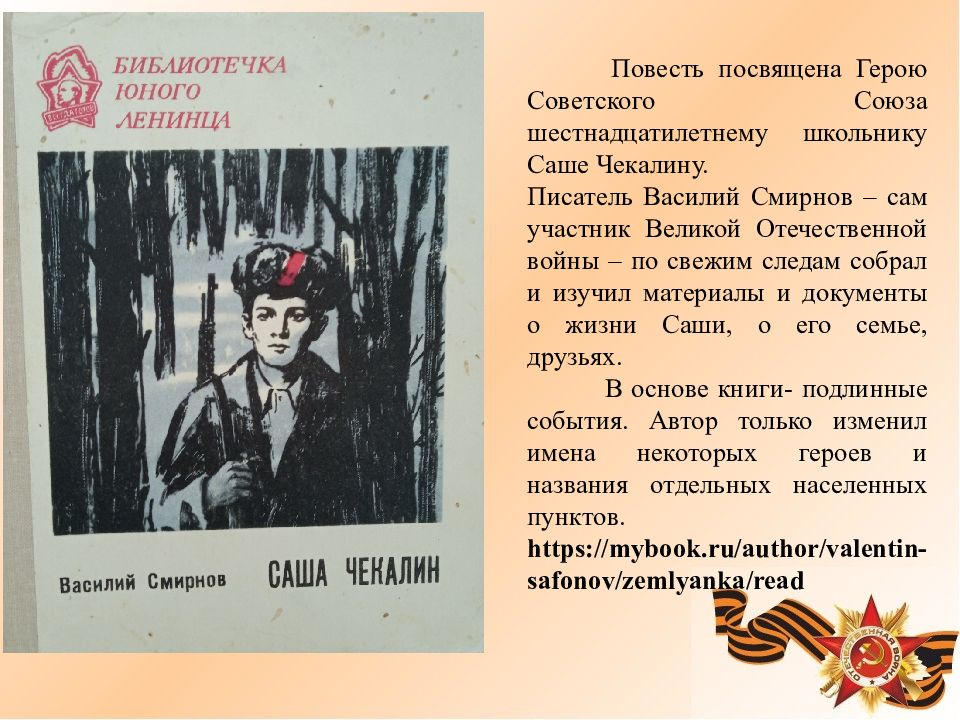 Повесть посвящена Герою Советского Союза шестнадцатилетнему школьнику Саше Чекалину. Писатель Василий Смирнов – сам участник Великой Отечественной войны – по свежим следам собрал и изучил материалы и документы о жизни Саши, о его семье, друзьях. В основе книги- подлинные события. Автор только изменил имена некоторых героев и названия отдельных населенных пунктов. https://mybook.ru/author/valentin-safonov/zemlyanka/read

...

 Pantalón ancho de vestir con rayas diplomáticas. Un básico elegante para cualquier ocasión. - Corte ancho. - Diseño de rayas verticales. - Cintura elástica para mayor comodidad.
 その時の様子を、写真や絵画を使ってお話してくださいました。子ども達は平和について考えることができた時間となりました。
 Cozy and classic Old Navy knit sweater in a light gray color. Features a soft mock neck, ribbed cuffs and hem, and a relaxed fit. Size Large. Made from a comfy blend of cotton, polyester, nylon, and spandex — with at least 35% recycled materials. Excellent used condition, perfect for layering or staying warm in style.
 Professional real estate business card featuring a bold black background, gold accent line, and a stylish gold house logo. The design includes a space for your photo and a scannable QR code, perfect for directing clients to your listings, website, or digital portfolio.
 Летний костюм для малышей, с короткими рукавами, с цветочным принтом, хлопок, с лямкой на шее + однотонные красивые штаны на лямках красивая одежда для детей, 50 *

---

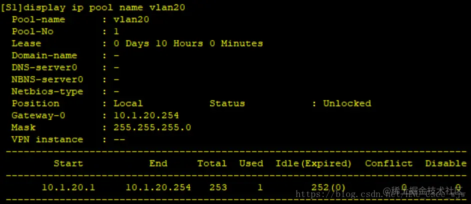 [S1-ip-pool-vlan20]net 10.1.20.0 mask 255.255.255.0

» **How to complete this task**: For the string "perfect", count every line of the material where it appears and state only the count.

» **Exercise solution**: 2